The possibilities under the ENP, aside from the promise of partnership with the EU and its promise to help neighbouring countries in time of crises, are limitless considering the ENP’s developing guidelines. Since the ENP follows the three pillars policy that also enabled the creation of the European Union, each pillar in the ENP corresponds to an action or instrument that would ensure stability and integration for the member states and neighbouring nations. The First pillar contains the economic instruments like financial aids, development assistance, infrastructure funds, and trade agreements that would sustain the internal market. The ENP, under this pillar, comprises mostly incentive-based programs to utilize cost-benefit calculations and enable interaction in multiple instances. In 2006, the European Commission proposed to improve the offer the ENP would provide its neighbours by giving them deep free trading agreements with all ENP states, enabling these neighbours to gain access to services and resources. Political instruments are also used to continue supporting neighbouring nations with incentives that range from intervention assistance against crime to training for negotiations and expertise. Aside from the second pillar instruments for common strategies and joint actions in imposing sanctions or measures, the EU can also use diplomatic mediums to intervene in behalf of their neighbourhood partners.
The ENP also opens up possibilities of cooperation in improving a common foreign and security policy for the entire community and its partners. Cooperation between the ENP states would enable positive involvement of all states in issues related to the CFSP and the European Security and Defence Policy, crisis management and prevention, information sharing, joint action as well as EU-led operations. Cooperation would also entice further development of responsibilities between all states part of the neighbourhood policy to facilitate security and stability. The European Union can also utilize this opportunity in reinforcing security in the region and rebuilding cooperation to address issues that affect its borders and the entire region. With regards to the CFSP, the European Commission can directly address representatives for the CFSP and representatives from the various neighbouring countries. The ENP would also be able to increase coordination between international and regional organizations to spring into action in case of crisis .
However, despite the nobility of the ENP to create a common foreign policy for its members and neighbours, it still has various flaws that prevent others from benefiting from the ENP’s goal in creating co-existence and mutual development. The first limitation of the ENP is its proximity policy that only covers the Eastern countries like Moldova, Russia, Ukraine and Belarus originally. The Mediterranean countries were only added in a later period, and only Russia expressed that it would only favour bilateral partnerships. When the ENP was fully launched, the scope of the proximity policy has widened to include South Caucasian territories as requested by Ukraine, Moldova, Morocco, Tunisia, Israel and the Palestinian Authority. The inclusion of these additional territories in the proximity policy that only covers the Eastern European regions now presents to the original partners that they would benefit more from the partnership if they acceded instead of undergoing the ENP. The original chosen neighbours would also find the ENP less attractive due to its new neighbour additions, finding it mediocre and no longer fitted to their country’s needs. These first-chosen neighbours may also find the ENP no longer a deal of great political importance since the additional neighbours would force the ENP to change its objectives and integration measures.

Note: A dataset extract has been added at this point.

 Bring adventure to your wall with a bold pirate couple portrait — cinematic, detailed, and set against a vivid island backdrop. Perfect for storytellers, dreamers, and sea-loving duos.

The differentiation of policy goals of the ENP would also cause questions as to the ultimate goal of the policy to bring a positive relationship between the member countries and the partner states with an unclear objective for joint action. The concern of EU’s southern and eastern borders, for example, would create a rift in undermining the policy goals of the ENP considering that these regions are poorer than the Western European members and the accession countries of the EU, which may cause the member states to shoulder the neighbouring state. Some of these neighbouring countries and partner states, such as Israel and the Palestinian Authority, are politically unstable due to rivalling factions. Each of these countries, including the present member countries wants something out of the neighbourhood policy which may affect joint action come the time a crisis arises in the region’s borders.

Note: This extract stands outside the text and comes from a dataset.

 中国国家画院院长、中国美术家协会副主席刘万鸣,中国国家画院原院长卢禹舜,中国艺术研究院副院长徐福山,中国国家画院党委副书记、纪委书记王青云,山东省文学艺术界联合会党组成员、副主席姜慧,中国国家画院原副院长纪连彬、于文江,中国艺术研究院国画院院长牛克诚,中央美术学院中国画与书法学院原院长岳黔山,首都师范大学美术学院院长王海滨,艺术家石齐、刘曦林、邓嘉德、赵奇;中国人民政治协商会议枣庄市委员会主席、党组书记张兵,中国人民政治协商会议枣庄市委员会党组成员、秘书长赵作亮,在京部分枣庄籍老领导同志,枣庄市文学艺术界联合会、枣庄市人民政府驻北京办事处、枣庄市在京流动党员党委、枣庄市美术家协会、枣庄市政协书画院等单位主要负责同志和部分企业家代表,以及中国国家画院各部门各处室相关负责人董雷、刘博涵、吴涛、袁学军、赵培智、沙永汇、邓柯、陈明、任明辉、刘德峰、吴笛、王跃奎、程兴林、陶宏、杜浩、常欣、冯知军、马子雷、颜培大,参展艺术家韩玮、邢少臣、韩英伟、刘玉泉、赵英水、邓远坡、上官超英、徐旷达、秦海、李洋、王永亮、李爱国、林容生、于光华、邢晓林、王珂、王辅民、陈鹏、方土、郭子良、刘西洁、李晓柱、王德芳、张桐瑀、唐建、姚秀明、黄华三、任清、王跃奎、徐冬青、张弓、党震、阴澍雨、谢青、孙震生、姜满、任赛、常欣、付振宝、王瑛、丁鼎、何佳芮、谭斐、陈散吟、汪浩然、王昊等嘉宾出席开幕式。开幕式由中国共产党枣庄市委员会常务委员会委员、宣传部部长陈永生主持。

Although there are conditionality packages and incentives offered in the ENP that entices neighbour countries to join the policy and implement all EU reforms, there is still a question if this is enough to facilitate change and harbour joint action tendencies. At present, the greatest foreign policy success the Union has achieved is the transformation of former Soviet countries into democratic countries with working market economies. Some believe that it was due to the promise by the Union to allow these former Soviet countries to apply for EU memberships come the time they reform their government and their economies in EU standards. Experts believe that the membership incentive is the key that would determine if a non-member state would adhere to the policies noted in the ENP or other EU-related policies. Without the membership incentive, there is a high chance that the non-member state would not accept the ENP reforms and policies, and decline all form of joint action despite its capacity to affect the state. There is also differentiation in each country in terms of its maturity over the values the EU wishes to promote in the nations. With most of these values, to countries like in North Africa and Middle East, unfitting to be applied in their own region, it may affect the EU’s credibility even further in these regions.
Using pre-accession routines and instruments in applying the ENP in the majority of these neighbouring countries is also a flaw in the ENP as it may undermine the effectiveness of the ENP to enhance the security of the European Union, as well as the viability of the policy to cater to joint action and acceptance in the neighbouring countries. As of today, the current framework which the ENP uses the pre-accession medium could only enable the Union to avoid questioning, it cannot, however, develop new agreements considering the nature of the neighbourhood policy. Negotiation would also become less intergovernmental, and it may cause demarcation between the three pillars of the ENP. Some third countries who will join the ENP would also find the instruments and policies of the ENP as a method to accede to the EU rather than seeing it as an alternative for membership. The lack of clear aims, credibility, and how the EU can deliver its promise to the countries that apply the ENP undermines its capacity to promote joint action and common foreign policy .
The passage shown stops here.